**Instructions to follow**
All of the records below must be reproduced exactly, minus any pictures.

:: Records for this exercise

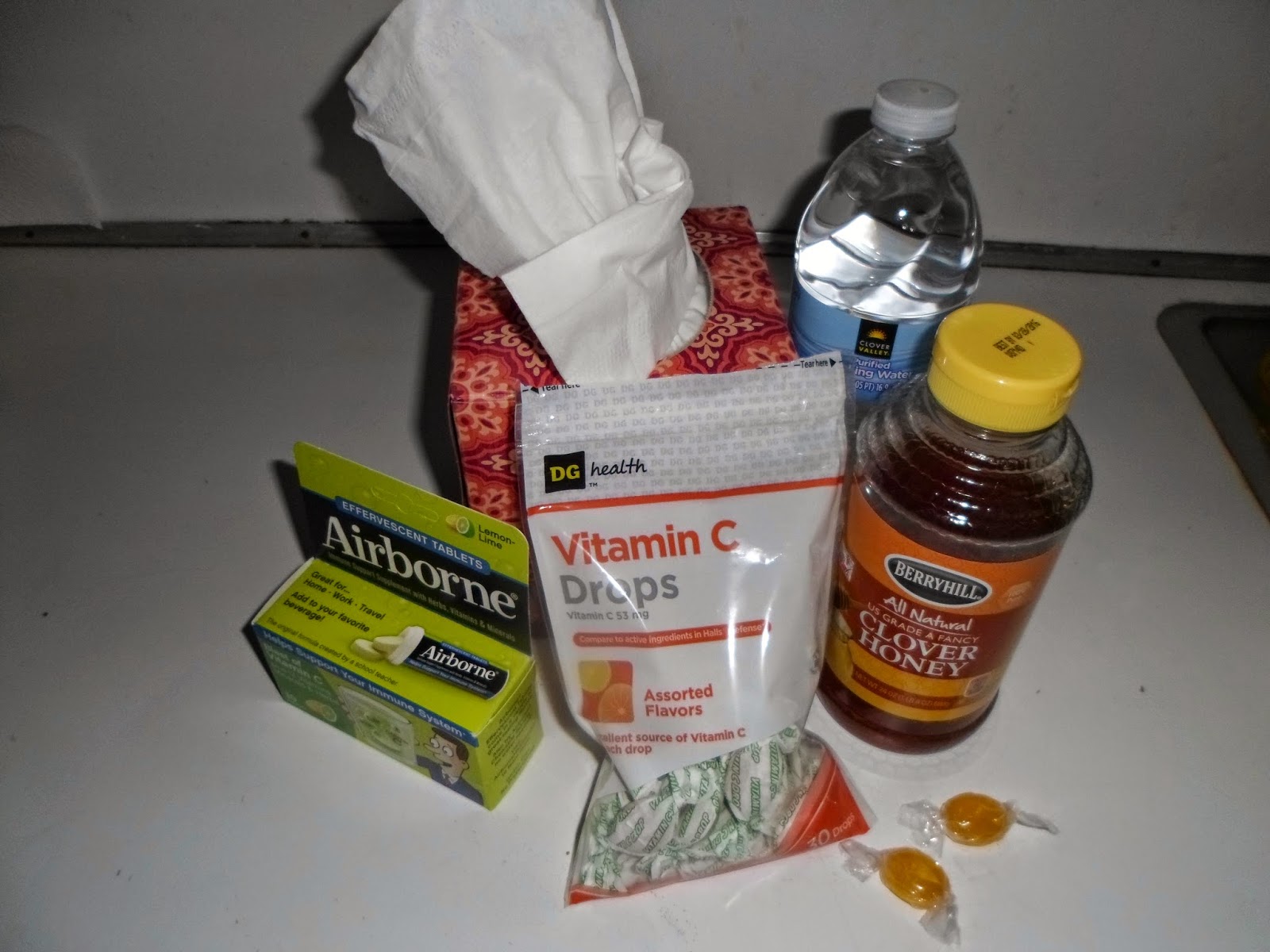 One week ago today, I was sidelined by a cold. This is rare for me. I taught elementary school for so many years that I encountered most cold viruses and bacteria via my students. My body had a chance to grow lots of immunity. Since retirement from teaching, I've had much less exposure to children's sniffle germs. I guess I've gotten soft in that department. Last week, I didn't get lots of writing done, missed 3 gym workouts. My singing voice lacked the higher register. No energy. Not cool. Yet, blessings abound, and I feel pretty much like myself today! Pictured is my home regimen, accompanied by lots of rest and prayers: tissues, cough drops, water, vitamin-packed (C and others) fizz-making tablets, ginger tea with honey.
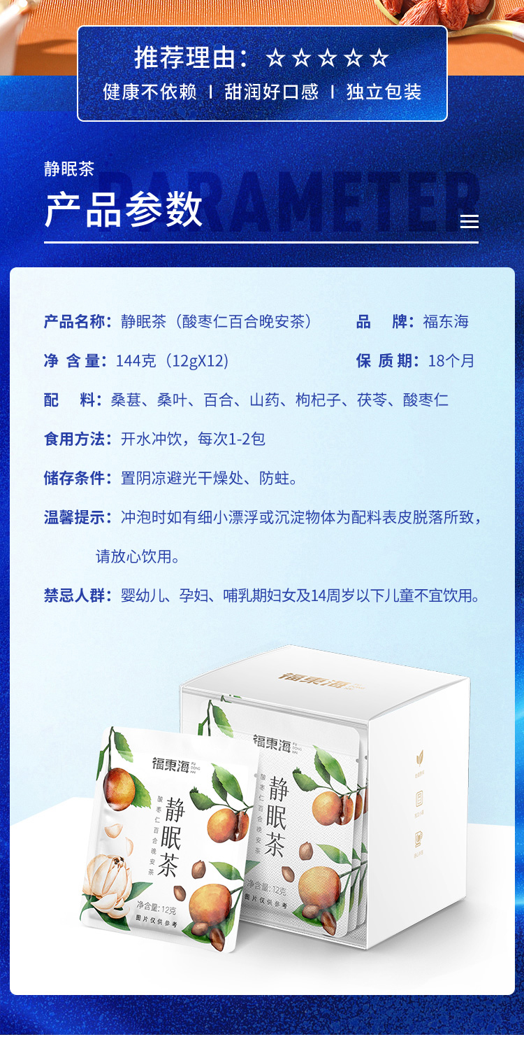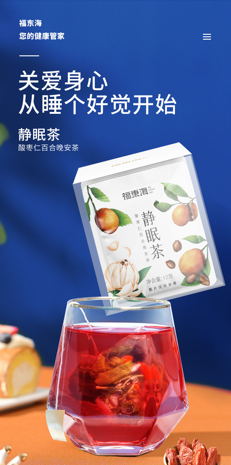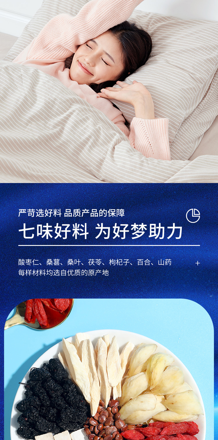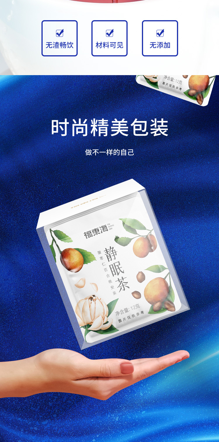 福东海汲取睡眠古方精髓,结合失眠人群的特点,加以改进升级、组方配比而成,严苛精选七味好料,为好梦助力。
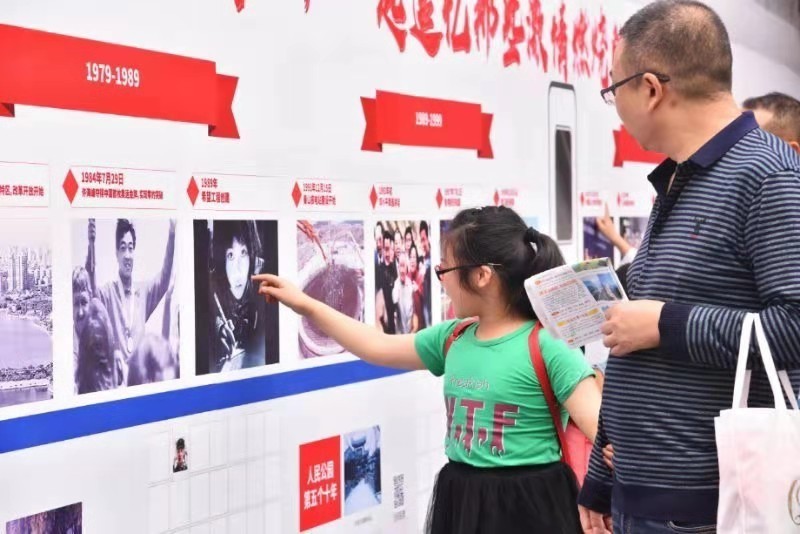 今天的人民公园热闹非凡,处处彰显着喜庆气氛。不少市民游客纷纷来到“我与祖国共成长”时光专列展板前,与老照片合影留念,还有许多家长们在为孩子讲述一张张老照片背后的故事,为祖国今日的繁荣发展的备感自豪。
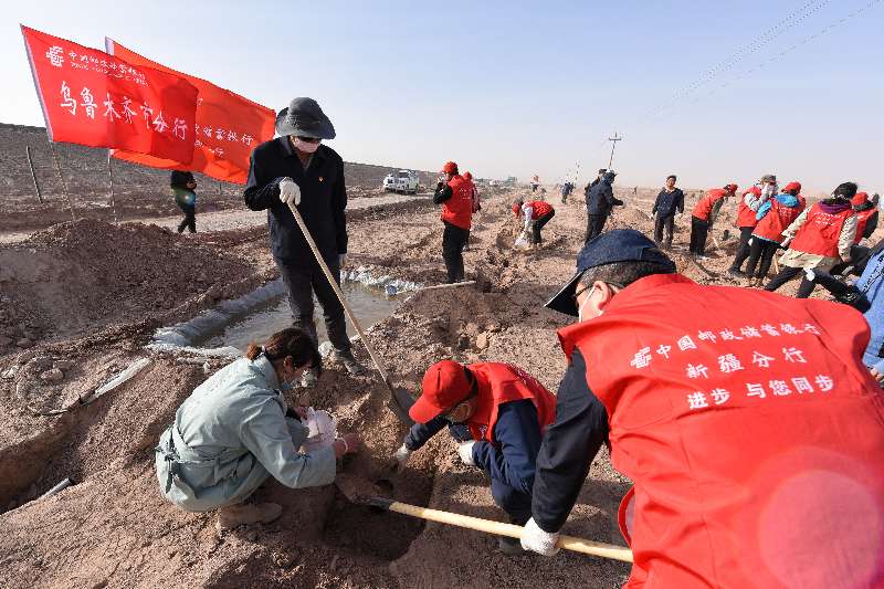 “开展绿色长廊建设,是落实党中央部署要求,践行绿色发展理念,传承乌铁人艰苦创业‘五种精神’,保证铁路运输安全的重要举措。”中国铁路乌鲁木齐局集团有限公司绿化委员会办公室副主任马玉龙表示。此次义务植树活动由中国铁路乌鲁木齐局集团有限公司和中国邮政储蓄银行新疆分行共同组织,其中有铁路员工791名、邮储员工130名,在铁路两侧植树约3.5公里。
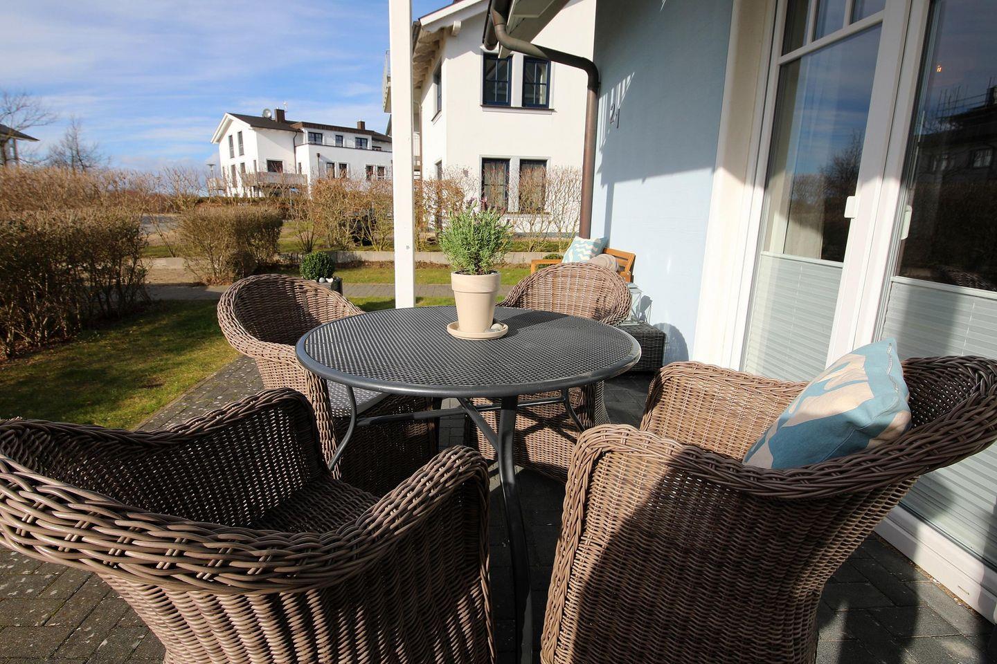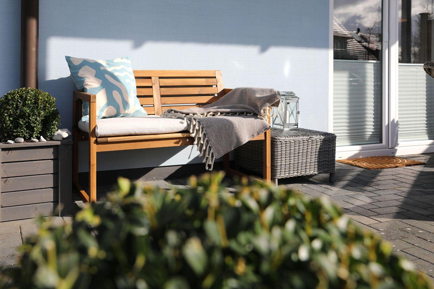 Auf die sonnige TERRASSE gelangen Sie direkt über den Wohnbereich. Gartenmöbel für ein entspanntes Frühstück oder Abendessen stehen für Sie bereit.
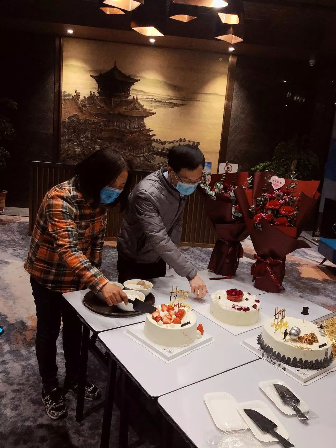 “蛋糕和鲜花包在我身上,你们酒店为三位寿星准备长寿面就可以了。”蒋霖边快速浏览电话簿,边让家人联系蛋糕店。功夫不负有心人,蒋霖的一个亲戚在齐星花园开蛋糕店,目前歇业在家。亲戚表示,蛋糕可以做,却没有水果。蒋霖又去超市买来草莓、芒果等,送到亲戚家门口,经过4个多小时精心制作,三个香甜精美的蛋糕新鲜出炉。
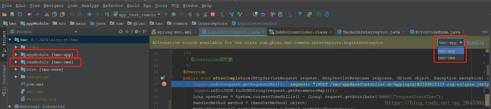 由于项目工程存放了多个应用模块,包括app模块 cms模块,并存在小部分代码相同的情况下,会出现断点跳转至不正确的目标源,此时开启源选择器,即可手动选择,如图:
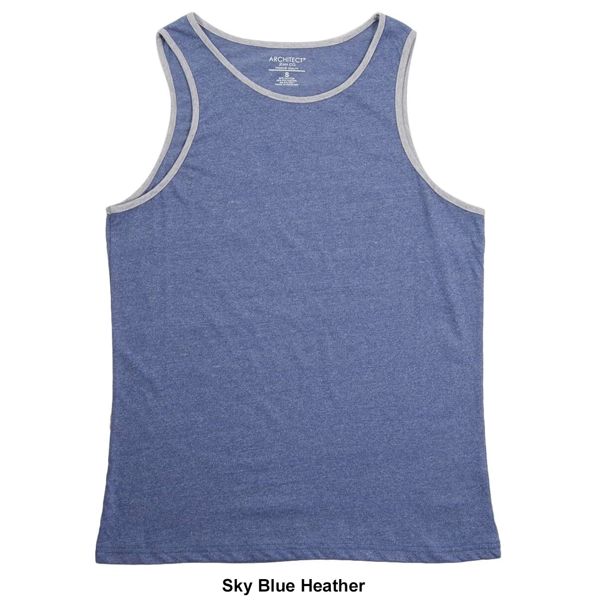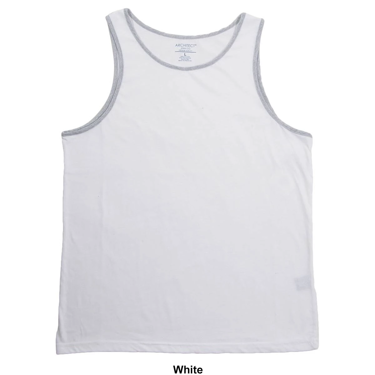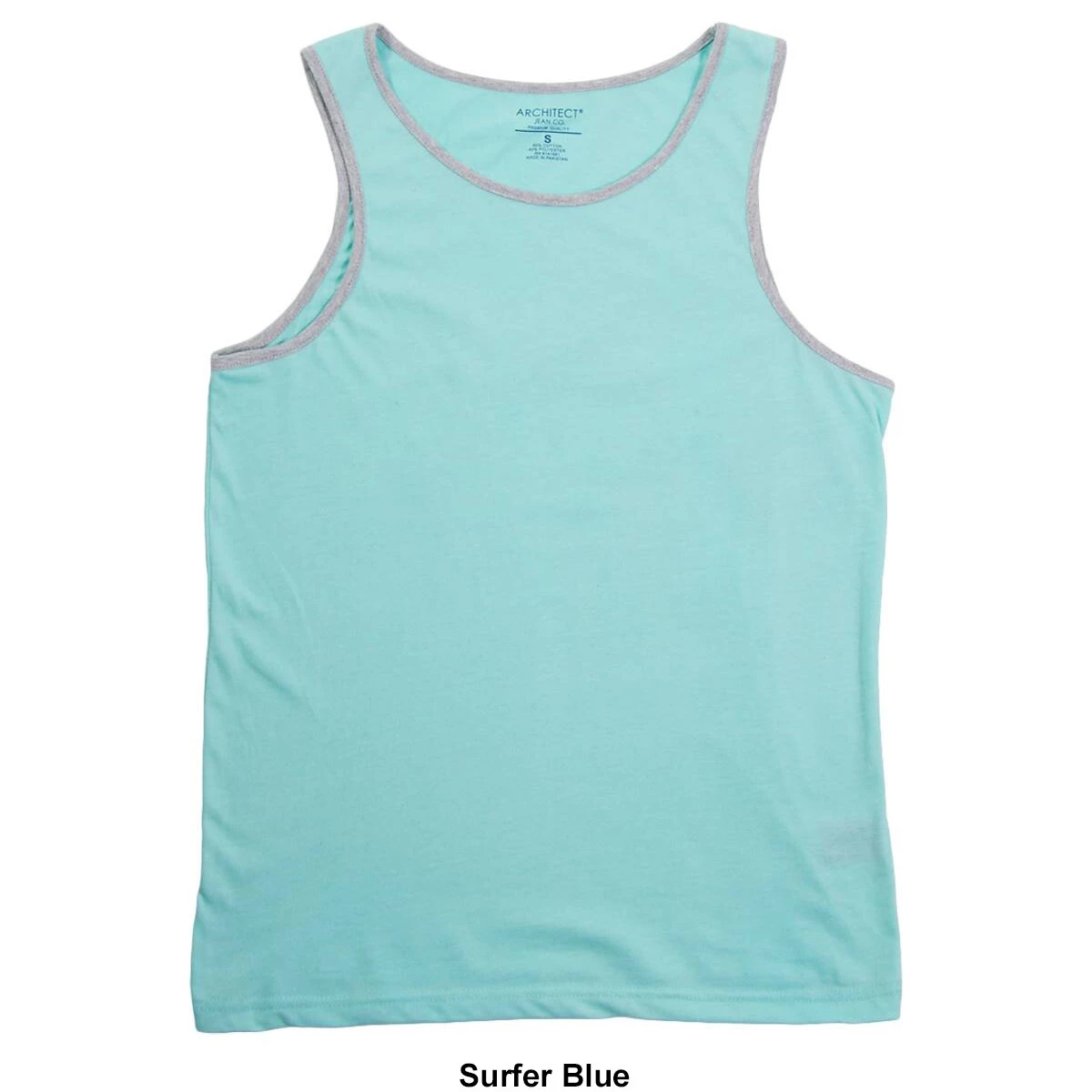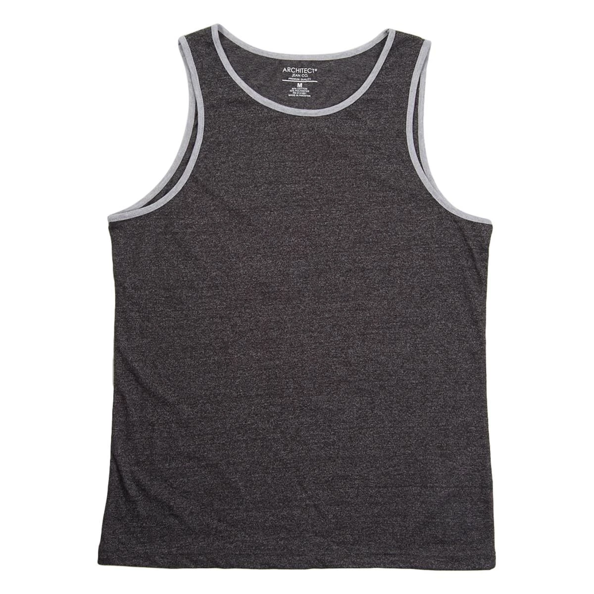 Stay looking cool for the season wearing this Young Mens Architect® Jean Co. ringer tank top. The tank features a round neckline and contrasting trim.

::::

**Output of the task**
 One week ago today, I was sidelined by a cold. This is rare for me. I taught elementary school for so many years that I encountered most cold viruses and bacteria via my students. My body had a chance to grow lots of immunity. Since retirement from teaching, I've had much less exposure to children's sniffle germs. I guess I've gotten soft in that department. Last week, I didn't get lots of writing done, missed 3 gym workouts. My singing voice lacked the higher register. No energy. Not cool. Yet, blessings abound, and I feel pretty much like myself today! Pictured is my home regimen, accompanied by lots of rest and prayers: tissues, cough drops, water, vitamin-packed (C and others) fizz-making tablets, ginger tea with honey.
 福东海汲取睡眠古方精髓,结合失眠人群的特点,加以改进升级、组方配比而成,严苛精选七味好料,为好梦助力。
 今天的人民公园热闹非凡,处处彰显着喜庆气氛。不少市民游客纷纷来到“我与祖国共成长”时光专列展板前,与老照片合影留念,还有许多家长们在为孩子讲述一张张老照片背后的故事,为祖国今日的繁荣发展的备感自豪。
 “开展绿色长廊建设,是落实党中央部署要求,践行绿色发展理念,传承乌铁人艰苦创业‘五种精神’,保证铁路运输安全的重要举措。”中国铁路乌鲁木齐局集团有限公司绿化委员会办公室副主任马玉龙表示。此次义务植树活动由中国铁路乌鲁木齐局集团有限公司和中国邮政储蓄银行新疆分行共同组织,其中有铁路员工791名、邮储员工130名,在铁路两侧植树约3.5公里。
 Auf die sonnige TERRASSE gelangen Sie direkt über den Wohnbereich. Gartenmöbel für ein entspanntes Frühstück oder Abendessen stehen für Sie bereit.
 “蛋糕和鲜花包在我身上,你们酒店为三位寿星准备长寿面就可以了。”蒋霖边快速浏览电话簿,边让家人联系蛋糕店。功夫不负有心人,蒋霖的一个亲戚在齐星花园开蛋糕店,目前歇业在家。亲戚表示,蛋糕可以做,却没有水果。蒋霖又去超市买来草莓、芒果等,送到亲戚家门口,经过4个多小时精心制作,三个香甜精美的蛋糕新鲜出炉。
 由于项目工程存放了多个应用模块,包括app模块 cms模块,并存在小部分代码相同的情况下,会出现断点跳转至不正确的目标源,此时开启源选择器,即可手动选择,如图:
 Stay looking cool for the season wearing this Young Mens Architect® Jean Co. ringer tank top. The tank features a round neckline and contrasting trim.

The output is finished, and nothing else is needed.